Wednesday 29 May, 2024

Horse bolted, door still open

Jesus College, Cambridge

Quote of the Day

”Once you see the boundaries of your environment, they are no longer the boundaries of your environment.”

  • Marshall McLuhan

Musical alternative to the morning’s radio news

Liam O’Flynn, Seán Keane, Paddy Glackin, Arty McGlynn, Rod McVeigh & Paul Brady | Gradam Ceoil TG4 2007


Loveliest set or reels I can think of: The Humours of Carrigaholt (0:00), Mayor Harrison’s Fedora (1:13) & Tommy Peoples’ (2:26).

Long Read of the Day

Ukraine on the ropes

A characteristically insightful recent report from Kiev by Timothy Garton Ash (whose book Homelands I’ve been re-reading and heartily recommend).

As I contemplate a forest of small Ukrainian flags on the Maidan in central Kyiv, placed there by bereaved relatives as a memorial to the war dead, I’m accosted by a burly Ukrainian soldier in combat uniform. He’s with the elite 95th Air Assault Brigade and he has been fighting Russian aggression for more than a decade. “At the moment of victory,” he tells me, “please pour the first glass on to the ground for those who have fallen.”

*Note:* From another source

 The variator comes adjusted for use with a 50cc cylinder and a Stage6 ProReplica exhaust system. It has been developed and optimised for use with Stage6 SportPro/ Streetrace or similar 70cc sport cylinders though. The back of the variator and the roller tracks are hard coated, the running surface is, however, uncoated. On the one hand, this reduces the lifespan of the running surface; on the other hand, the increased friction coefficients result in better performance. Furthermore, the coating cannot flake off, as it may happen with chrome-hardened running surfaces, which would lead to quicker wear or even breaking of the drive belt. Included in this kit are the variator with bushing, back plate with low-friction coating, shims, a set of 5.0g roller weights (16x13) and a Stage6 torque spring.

Gesturing to the seemingly normal life around us in the Ukrainian capital, with young people drinking at nice cafes, almost as though this were Paris or Vienna, he says, “Every peaceful day here costs a lot of lives at the front.” But he chokes up on the last words and his eyes fill with tears. “Sorry, sorry!” he exclaims, embarrassed by this moment of weakness. Then he grips my hand one more time, grasps the straps of his khaki rucksack, and marches off through the civilian crowd like a ghost from the trenches of the first world war…

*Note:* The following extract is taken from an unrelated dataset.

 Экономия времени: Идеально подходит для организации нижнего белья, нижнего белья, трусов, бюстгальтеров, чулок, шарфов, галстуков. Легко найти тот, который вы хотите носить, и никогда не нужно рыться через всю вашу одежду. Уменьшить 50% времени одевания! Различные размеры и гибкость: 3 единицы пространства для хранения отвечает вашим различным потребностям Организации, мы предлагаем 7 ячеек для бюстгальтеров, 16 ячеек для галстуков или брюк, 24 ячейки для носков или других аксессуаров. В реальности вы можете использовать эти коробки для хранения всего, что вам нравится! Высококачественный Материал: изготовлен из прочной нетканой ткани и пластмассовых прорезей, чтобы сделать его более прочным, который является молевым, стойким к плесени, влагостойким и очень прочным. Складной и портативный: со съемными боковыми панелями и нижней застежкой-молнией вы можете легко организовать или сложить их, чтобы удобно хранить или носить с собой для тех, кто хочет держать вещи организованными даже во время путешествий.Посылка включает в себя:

Europe’s been on a holiday from history since 1945. When Putin invaded Ukraine the video reports looked eerily similar to WW2 footage, except they were now in colour, and I assumed that most Europeans would get the message. They still haven’t, which is why Tim’s perspective is so salutary.

Books, etc.

Martin Rees’s new book.


There has never been a time when ‘following the science’ has been more important for humanity. At no other point in history have we had such advanced knowledge and technology at our fingertips, nor had such astonishing capacity to determine the future of our planet.

But the decisions we must make on how science is applied belong outside the lab and should be the outcome of wide public debate. For that to happen, science needs to become part of our common culture. Science is not just for scientists: if it were, it could never save us from the multiple crises we face. For science can save us, if its innovations mesh carefully into society and its applications are channelled for the common good.

Hmmm… Martin is one of the nicest and smartest people I know, but I can’t see science (or an understanding of it) becoming ‘part of our common culture’ any time soon, especially given our current media ecosystem. I wish it were otherwise.

My commonplace booklet

How news coverage, often uncritical, helps build up the AI hype

Useful piece by Rasmus Nielsen on how journalism is still doing a poor job in covering ‘AI’ (aka machine-learning).

So, perhaps, as Timit Gebru, founder and executive director of the Distributed Artificial Intelligence Research Institute (DAIR), has written on X: “The same news orgs hype stuff up during ‘AI summers’ without even looking into their archives to see what they wrote decades ago?”

There are some really good reporters doing important work to help people understand AI—as well as plenty of sensationalist coverage focused on killer robots and wild claims about possible future existential risks.

But, more than anything, research on how news media cover AI overall suggests that Gebru is largely right – the coverage tends to be led by industry sources, and often takes claims about what the technology can and can’t do, and might be able to do in the future, at face value in ways that contributes to the hype cycle.

Growl. In one sense it’s comforting to have one’s own view confirmed, but it’s depressing because it means that journalism isn’t doing its job properly.